**About this task**. Starting at the line that contains "After intense debates, Georg", transcribe each line exactly through the end of the data below, and skip any pictures.

------------------------

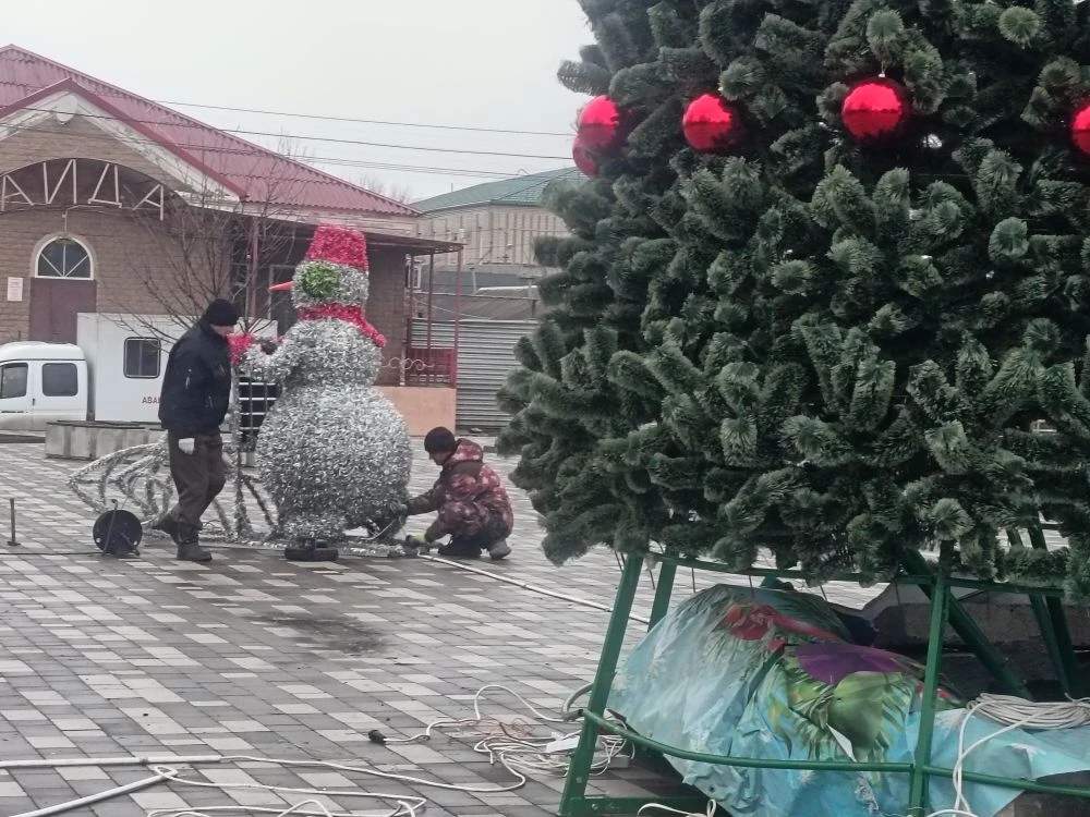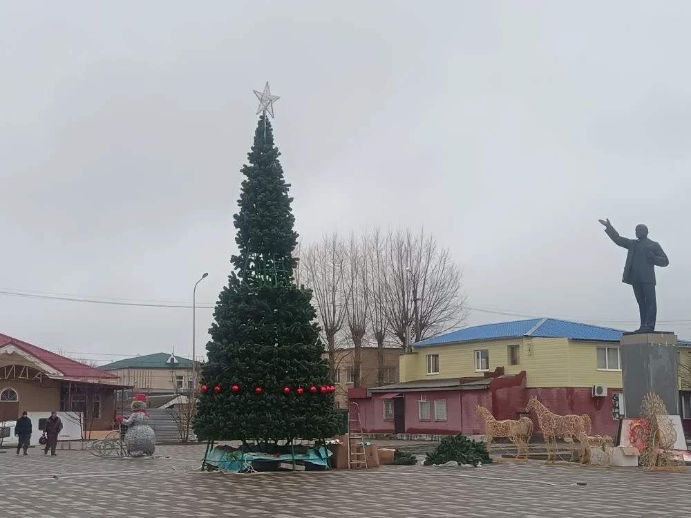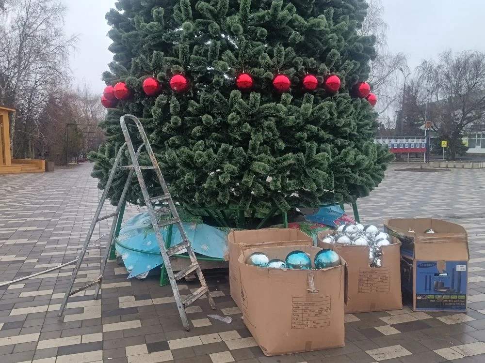 Праздник пришёл в станицу Казанскую: на главной площади устанавливают 10-метровую новогоднюю ёлку
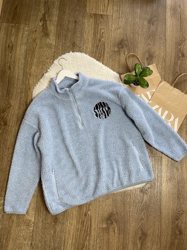 В наличии свитшот, гариный стан, цвет в жизни будет нежно голубой на фото плохо передает, размер С -М Рукав полностью 73, пог 65, длина 62
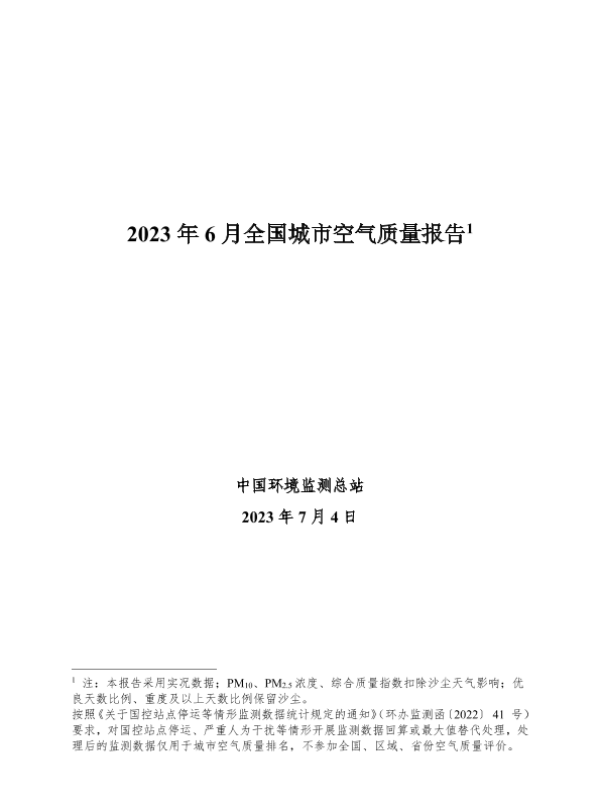 【中国环境监测总站】【20230704】2023年6月全国城市空气质量报告-32页
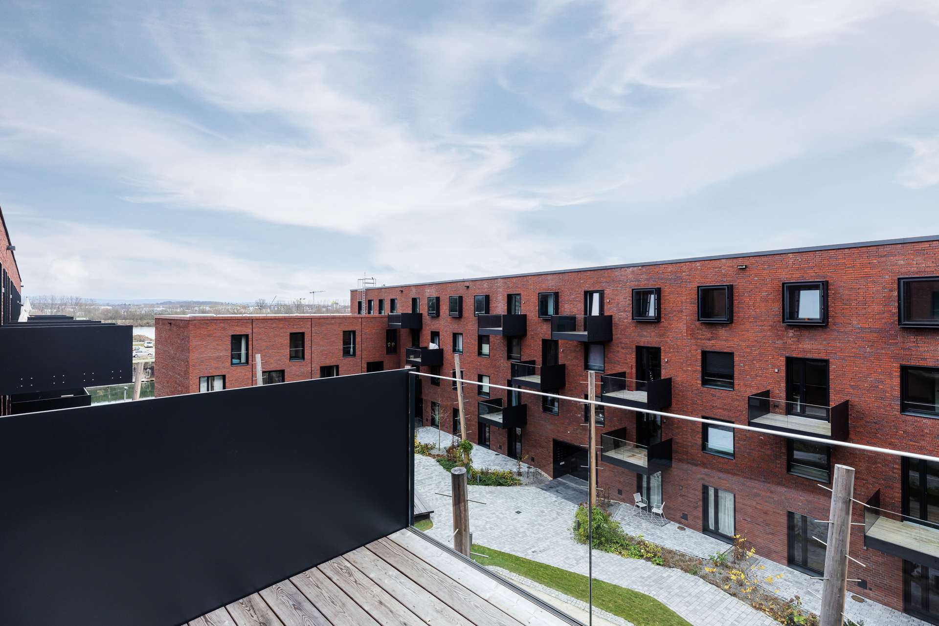 Durchdachte Architektur trifft auf zeitloses Design: Balkone, Loggien und Terrassen ermöglichen den direkten Blick aufs Wasser. Die hochwertige Backsteinfassade, nachhaltige Bauweise mit Fernwärme und begrünte Dächer schaffen ein Zuhause mit Charakter.
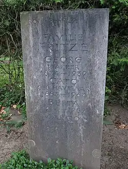 After intense debates, Georg Fritze's health was severely impaired. On 3 January 1939 he died after a stroke and heart failure. Three days later he was buried in Cologne's South Cemetery.
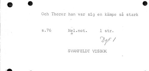 //// Och Thorer han var sig en kämpe så stark //// d //// j //// s.76 Mel.not. 1 str. //// e //// Hf/ //// SVANFELDT VISBOK ////
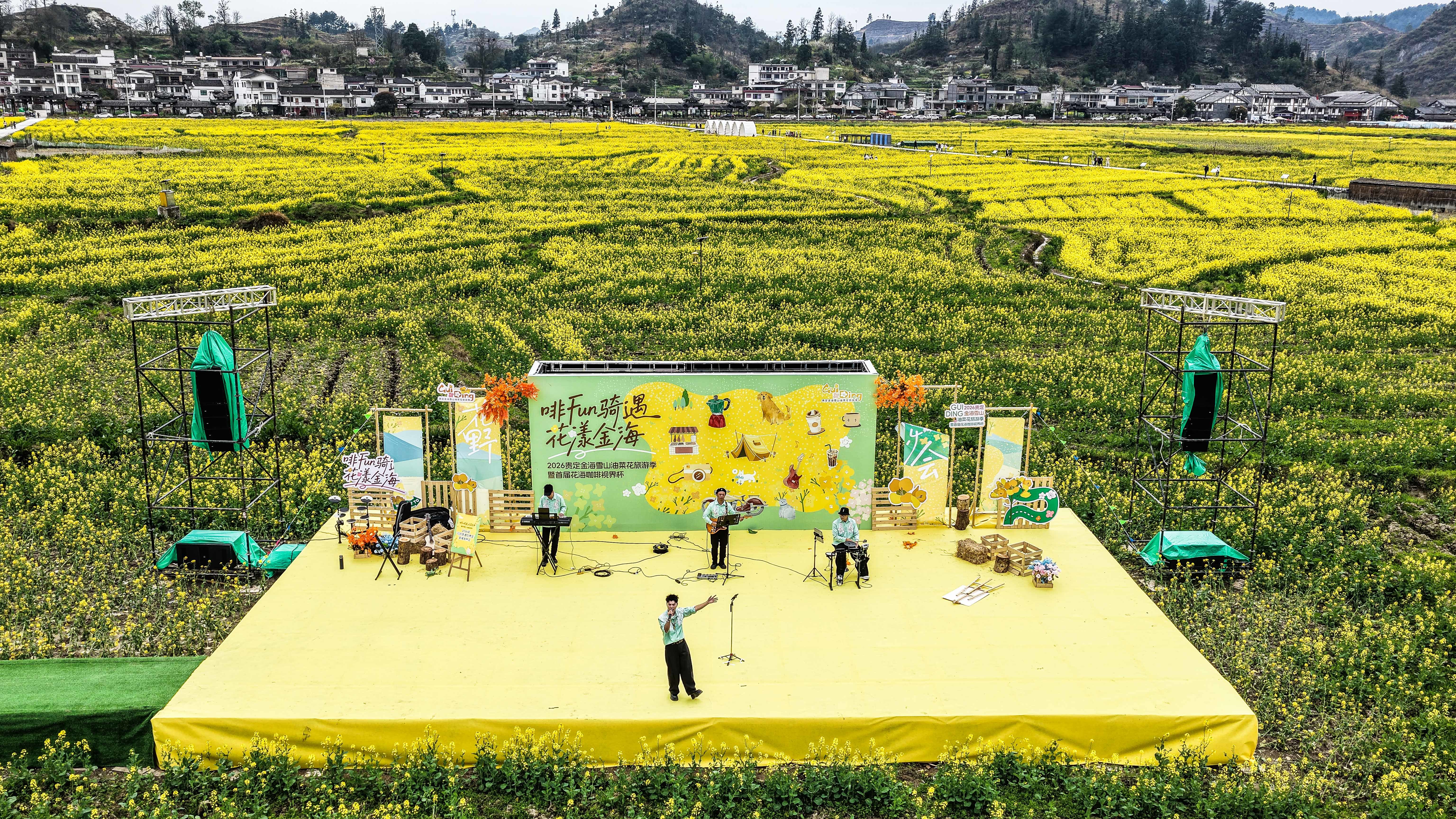 3月13日,乐队在贵州省贵定县盘江镇“金海雪山”景区内表演(无人机照片)。新华社记者 陶亮 摄

------------------------

**Response to this task**.
 After intense debates, Georg Fritze's health was severely impaired. On 3 January 1939 he died after a stroke and heart failure. Three days later he was buried in Cologne's South Cemetery.
 //// Och Thorer han var sig en kämpe så stark //// d //// j //// s.76 Mel.not. 1 str. //// e //// Hf/ //// SVANFELDT VISBOK ////
 3月13日,乐队在贵州省贵定县盘江镇“金海雪山”景区内表演(无人机照片)。新华社记者 陶亮 摄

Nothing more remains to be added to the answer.